Is it possible we're doing something wrong before we even get to the parser?

norman commented 8 years ago

I couldn't verify if this actually fixes the issues we're having with CINCYMLS.

I was able to verify it locally previously when I resolved the problem using Escape Utils. It's entirely possible that the MLS in question is no longer sending the record with the bad codepoint.

In order for this to be an issue, the document must not only contain an invalid UTF-8 codepoint encoded as a character reference, but have it HTML-encoded it twice: Once to make it past Nokogiri, which HTML-decodes the documents and discards invalid codepoints, and twice to reach CGI.html_decode and the other code this patch adds. I don't think this will happen very often, so I'm not at all surprised you can't see it locally any more.

norman commented 8 years ago

This might be a total red herring, but I noticed that we mess with the encoding here:

res.body.encode!("UTF-8", res.body.encoding, :invalid => :replace, :undef => :replace)

Is it possible we're doing something wrong before we even get to the parser?

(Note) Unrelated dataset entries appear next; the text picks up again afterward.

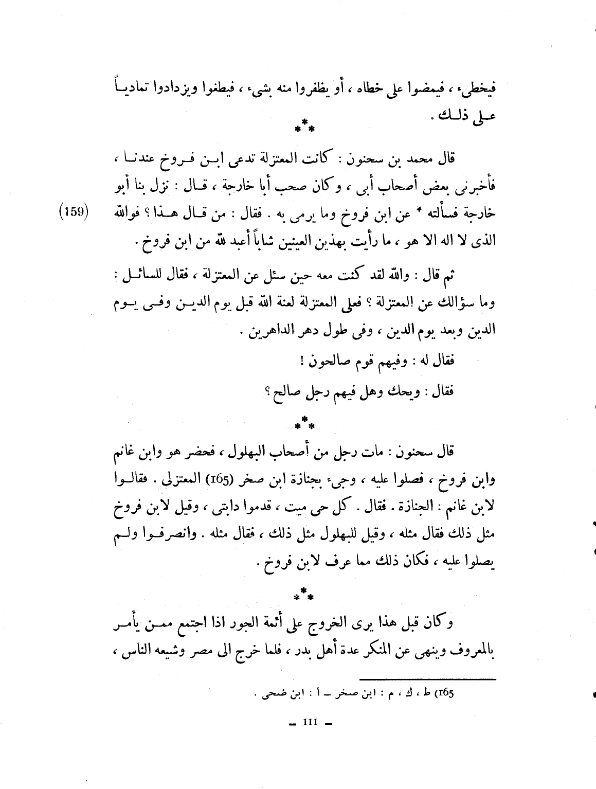فتخطىء، فيمضون على خطاك أو يظفروا منه بشيء، فيطغوا ويزدادوا تمادياً على ذلك. قال محمد بن سحنون كانت المعتزلة تدعي ابن فروخ عندنا. فأخبرني بعض أصحاب أبي وكان صحب أبا خارجة. قال: نزل بنا أبو خارجة فسألته عن ابن فروخ وما يرمي به. فقال من قال هذا، فو الله الذي لا إله إلا هو، ما رأيت بهذين العينين شاباً أعبد لله من ابن فروخ. ثم قال: فو الله لقد كنت معه حتى سئل عن المعتزلة، فقال للسائل: وما سؤالك عن المعتزلة؟ فعلى المعتزلة لعنة الله قبل يوم الدين، وفي يوم الدين، وبعد يوم الدين، وفي طول دهر الداهرين. فقال له: وما فيهم قوم صالحون. فقال ويحك، وهل فيهم رجل صالح؟ قال سحنون: مات رجل من أصحاب البهلول، فحضر هو وابن غانم وابن فروخ فصلوا عليه وجيء بجنازة ابن صخرة المعتزلي، فقالوا لابن غانم الجنازة. فقال كل حي ميت. قدموا دابتي. وقيل لابن فروخ مثل ذلك. فقال مثله. وقيل للبهلول مثل ذلك، فقال مثله. وانصرفوا ولم يصلوا عليه. فكان ذلك مما عرف لابن فروخ. وكان قبل هذا يرى الخروج على أئمة الجور، إذا اجتمع ممن يأمر بالمعروف وينهى عن المنكر عدة أهل بدر. فلما خرج إلى مصر وشيعه الناس
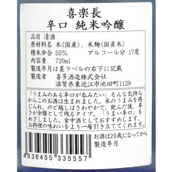 滋賀 喜楽長 辛口 純米吟醸 720ml
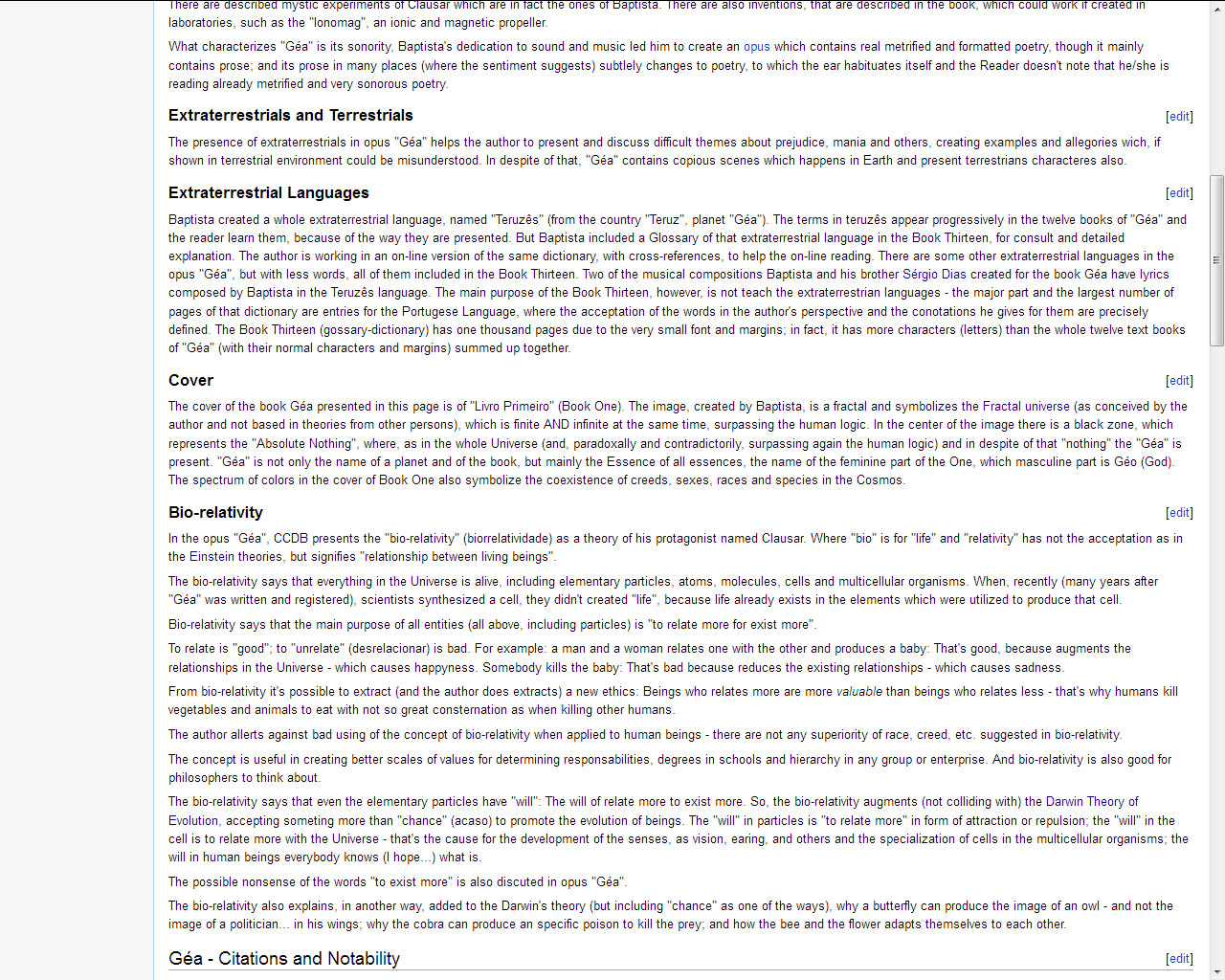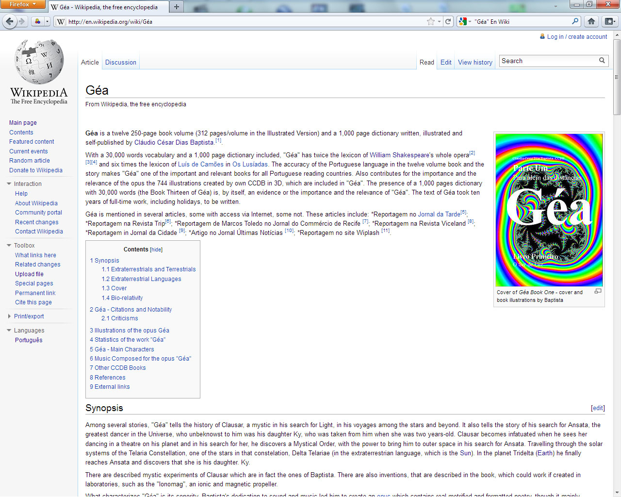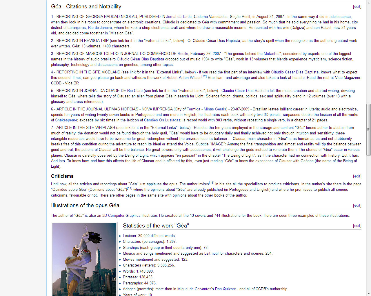 DISCUSSÃO NA EN WIKI QUE RESULTOU NO APAGAMENTO DA PÁGINA “GÉA” ===[[Géa]]=== :{{la|Géa}} – (<includeonly>[[Wikipedia:Articles for deletion/Géa|View AfD]]</includeonly><noinclude>[[Wikipedia:Articles for deletion/Log/2011 June 10#{{anchorencode:Géa}}|View log]]</noinclude>) :The article [[Géa]] and the page [[Cláudio César Dias Baptista]] which En Wiki members considered at first good to be published here are suffering a political attack from the En Wiki member named Antiuser.[[User:Cláudio César Dias Baptista|Cláudio César Dias Baptista]] ([[User talk:Cláudio César Dias Baptista|talk]]) 16:03, 10 June 2011 (UTC) * '''delete''' It's very long, but that doesn't convey notability and not much else is seeming to. Besides, any book with a technicolour fractal on the cover and that isn't by Mandelbrot or similar should be burned. [[User:Andy Dingley|Andy Dingley]] ([[User talk:Andy Dingley|talk]]) 16:04, 10 June 2011 (UTC) ::**'''Anyone''' who says that any book should be burned should be burned him/herself.[[Special:Contributions/187.14.113.31|187.14.113.31]] ([[User talk:187.14.113.31|talk]]) 16:17, 10 June 2011 (UTC) As you see, dear Daniel, Andy is insisting in his childishness. You have a clearer mind, please read again the article and consider the sources mentioned there as the importance they really have in Brazil and Portuguese language countries. The book is great, I've read it! You can read it too, in www.ccdb.gea.nom.br, as I see by your phrase 'Portuguese language sources are a little hard to sort out'; so, you can read Portuguese to judge the quality of these sources and, so, you can also read the book! If you like Portuguese language, you will love to read the book as I did and, perhaps, as myself, learn a lot of that great language - there is no better source today, and the book [[Géa]] includes a thousand page dictionary also delightful to people who love Portuguese language. If not by the language, the lexicon twice William Shakespeare, you may be perhaps enchanted with the histories inside the twelve volumes of the book. Regards[[Special:Contributions/187.14.112.27|187.14.112.27]] ([[User talk:187.14.112.27|talk]]) 17:43, 10 June 2011 (UTC) **'''Do not delete''' - Let's be rational and cool, analyzing the page. Here are the positive points: The author invested more than ten years of his life in writting a book, moreover, a twelve 250 pages volume book. The author composed a 1,000 pages dictionary to complement the book. The author utilized a lexicon twice the William Shakespeare lexicon in his whole opera and six times the lexicon of Camões in "Os Lusíadas". The author created a new language with extra words, doesn't matter if it's named an 'extraterrestrial language' or not. The author illustrated himself the twelve volumes with more than 700 3D pictures, so, he had to learn 3D Computer Graphics to do these illustrations and also the thirteen covers for [[Géa]]. The author studied programming languages for computer to create himself the active pages in a site also created by himself to publish himself the book. The author applied his audio experience to perfection the sound of the reading. The author wrote also metrified poems inside the book. The author of [[Géa]] composed music for the book. The author proposed complete inventions in the books which could work if tested in laboratory. The author abandoned his profitable carreer in audio to write the book. The author created more than one thousand characters for the book. The description of these characters is interesting in the page [[Géa]]. The author presented a Theory, the 'biorrelatividade' in the book. The stories presented in the page are captivating for people who has the habit of reading books - at least they captivate myself. The quantity of references is more than enough and the quality of some of these references is unquestionable, as it's the case of the reporting in [[Jornal da Tarde]], in the Revista Trip (very important in Brazil). And here are the negative points: The book is written in Portuguese, not yet translated to English; Brazil is not England nor USA; people who see the page [[Géa]] here in En Wiki can't easily judge the merit of the book because they can't read it. Now I ask myself: Are those negative poits really negative? Is not perhaps an injustice being done against a perhaps great work as it was done also against [[Don Quixote]] of [[Miguel de Cervantes]] and so many great books which were recognized long time after their writting? Or as the pictures of [[Vincent van Gogh]], who sold only one of them during his life and which were recognized so late? If you search En Wiki for pages about other books, you will see that very few, if any, has the merits I mentioned above for the book [[Géa]]. So, I am forced to conclude that the cause of the deletion proposal is not the lack of importance of the opus, but another unknown cause, external to the page itself. And I don't want to be one of the persons who will be remembered as the ones who deleted the page of a book that shows everything to be perhaps recognized as a great work. I vote for the permanence of the page in En [[Géa]] in En Wiki.[[User:William T. Johannes|William T. Johannes]] ([[User talk:William T. Johannes|talk]]) 02:53, 11 June 2011 (UTC) :: ' ''The author invested more than ten years of his life in writting a book'' ' : '''Do not delete, please''' - I would ask them not delete nothing in the text. If it is a text that talks about a book or author is a way to have thorough research on it.I read the book [[Géa]] and I found everything the article written here on En Wiki informs thus removing some of the text as it would erase part of the book and the story of the author. Any of you ever read a book and thought the best part of the book, the pages are blank? That's what I imagine to deleting some of the text that refers to something, like we're erasing part of it. I ask you to please leave the full text

No, I don't think this would cause problems downstream in this library because it will do one of two things: return a valid UTF-8 string, or raise an error. If it were mangling the string in such a way that it appeared to succeed but produced invalid UTF-8, that would be a truly spectacular bug in Ruby. That's not impossible, but very unlikely.

In any event, that would not be relevant to the bug at hand because the non-ASCII characters in the response body that caused the error were encoded as HTML character references, making the document pure ASCII. The call to encode! on that string would not touch the string's bytes because ASCII is already a proper subset of UTF-8.

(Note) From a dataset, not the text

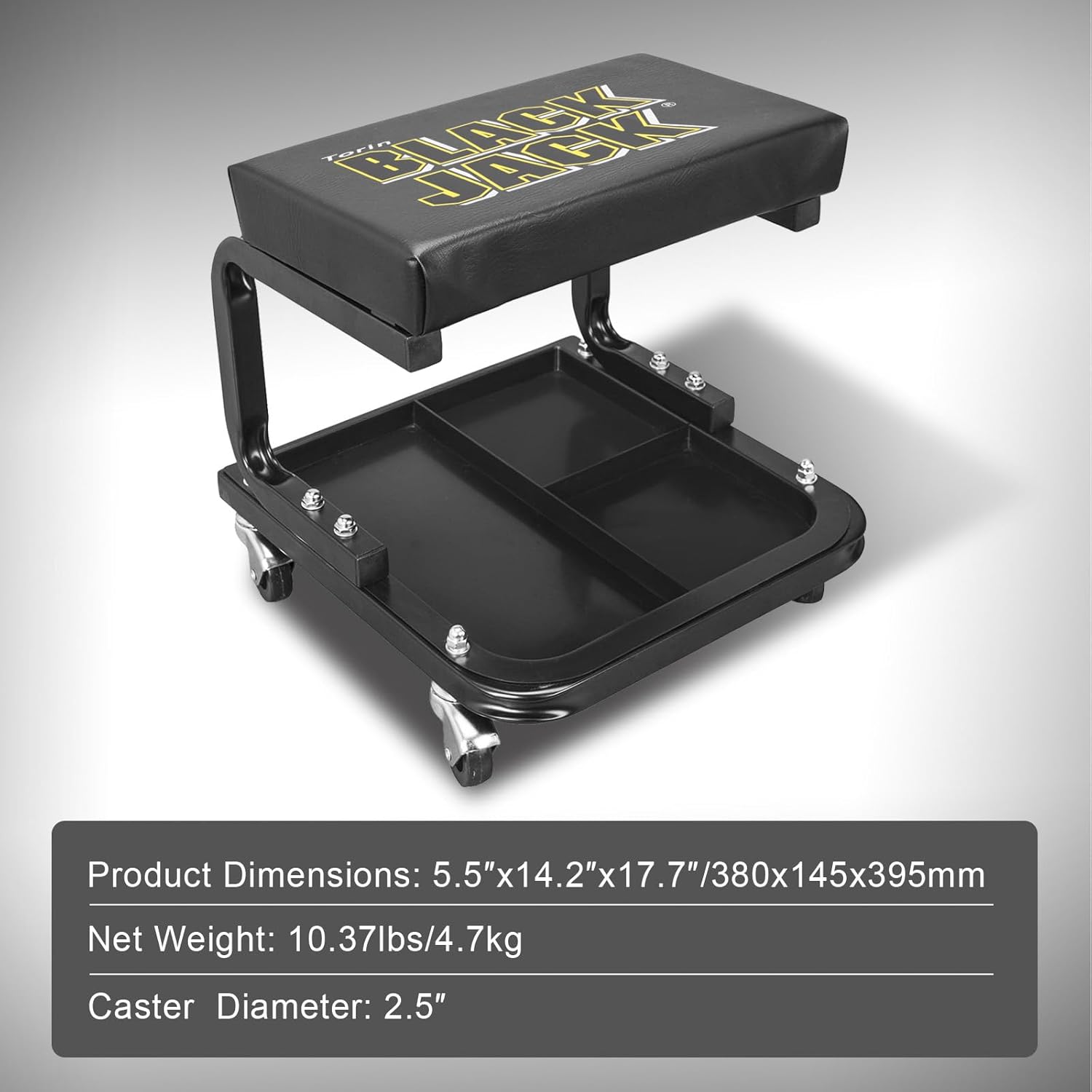 Torin Rolling Creeper Seat,Black, Large,Padded Mechanic Stool with Tool Tray Storage, Garage/Shop Seat
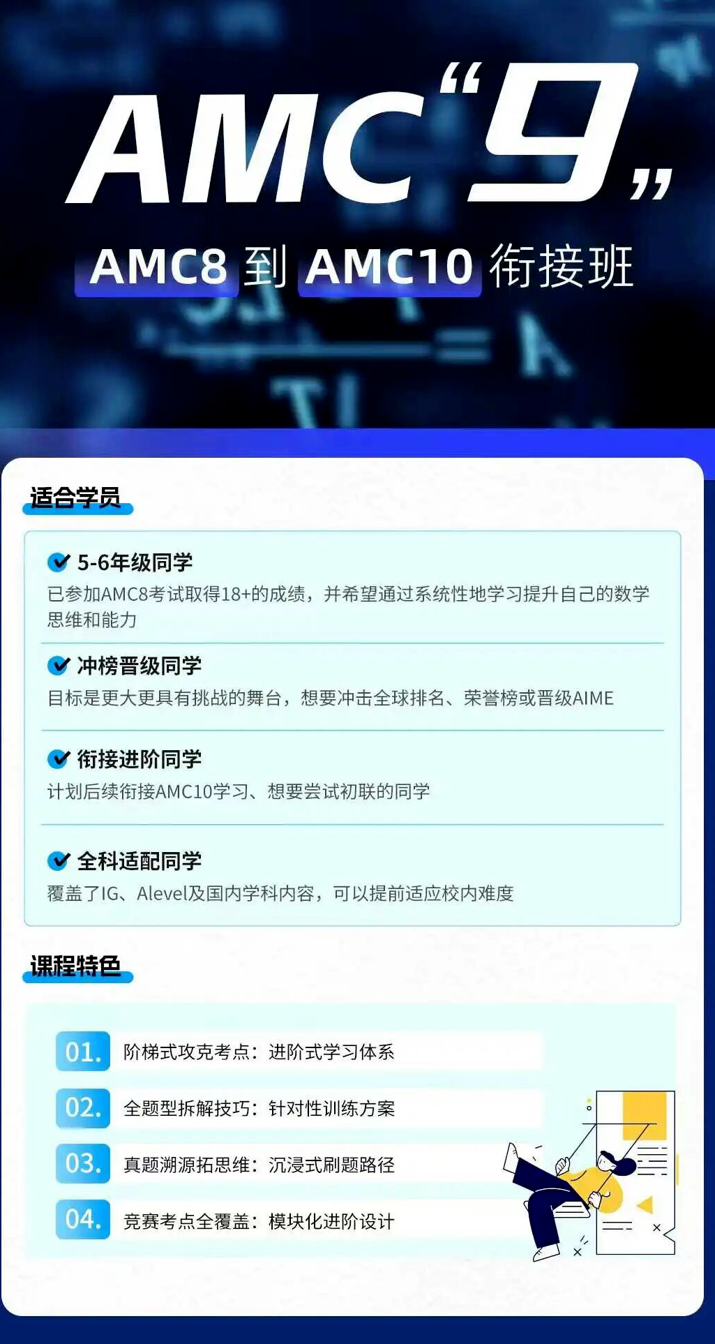 AMC“9”课程辅导,专为AMC8竞赛之后的孩子打造,丝滑衔接AMC10竞赛的黄金跳板!AMC9介于AMC8和AMC10之间的核心知识断层,更有助于5-8年级学生吸收消化高阶知识。

hfaulds commented 8 years ago

Looks good to me :)

tdtran commented 8 years ago

Theoretically speaking the input text is indeed invalid and the code has every right to reject it. Practically speaking since it's a server error and the client has near zero chance to get it fixed the gem should at least offer an option to skip the error and continue. So I agree this is good to merge. But we should log the fact that the original input has been modified, perhaps by printing a message to stderr and quote the input fragment.